Unique stage propels provocative production of Miss Julie

ChicagoCritic.com
January 20, 2008
Tom Williams

August Strindberg’s 1888 Miss Julie is know as the start of Naturalism on stage. Strindberg chided directors to create a new style of production with new concepts of character. He offered unheard of innovations for the 1880’s—references to menstruation, blasphemy, lust, and bodily functions. Director Sean Graney sure heeds Strindberg’s call for a new style of production. Graney uses a promenade performance style that has the audience standing and moving to spots around a large wooden box (set design by Marcus Stephens) that opens to depict different locations. He has three “Farm Workers” (Ryan Bourque, Lila Collins and Jack Tamburri—on cello) act as narrators, stage hands and singer/musicians. Graney uses Kevin O’Donnell’s original pop/rock music to underscore the singing of parts of the preface and during several key scenes of the play.

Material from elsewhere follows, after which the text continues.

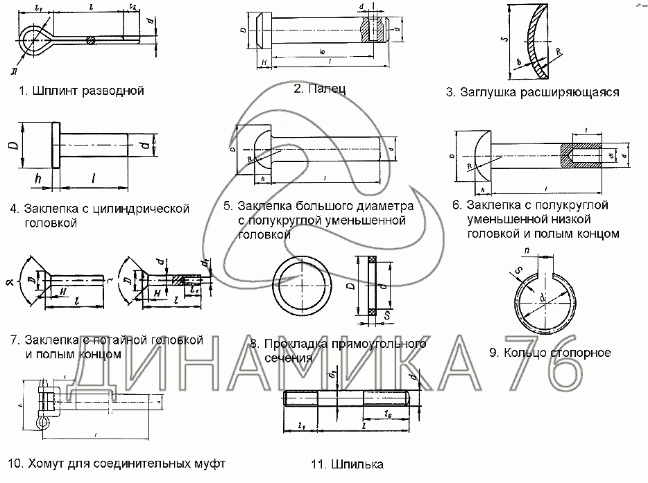 Заклепка большого диаметра с полукруглой уменьшенной головкой (d=12, D=19, l=32, h=7,2, R=9,8)

This provocative work is testimony to Strindberg’s misogynist fetish come through as he paints the lustful Julie as a sexual predator. The struggle of class and sexual desires containing lust and obsession renders Miss Julie as controversial for an 1880’s audience. Graney’s innovative stage and the terrific work from Samantha Gleisten (Kristin), Gregory Hardigan (Jean) and Stacy Stoltz (Miss Julie), make the 90 minutes a thrilling and unpredictable evening of adventure. Graney breathes new life in Strindberg’s classic as he experiments with presentation styles. His Miss Julie would make Strindberg smile.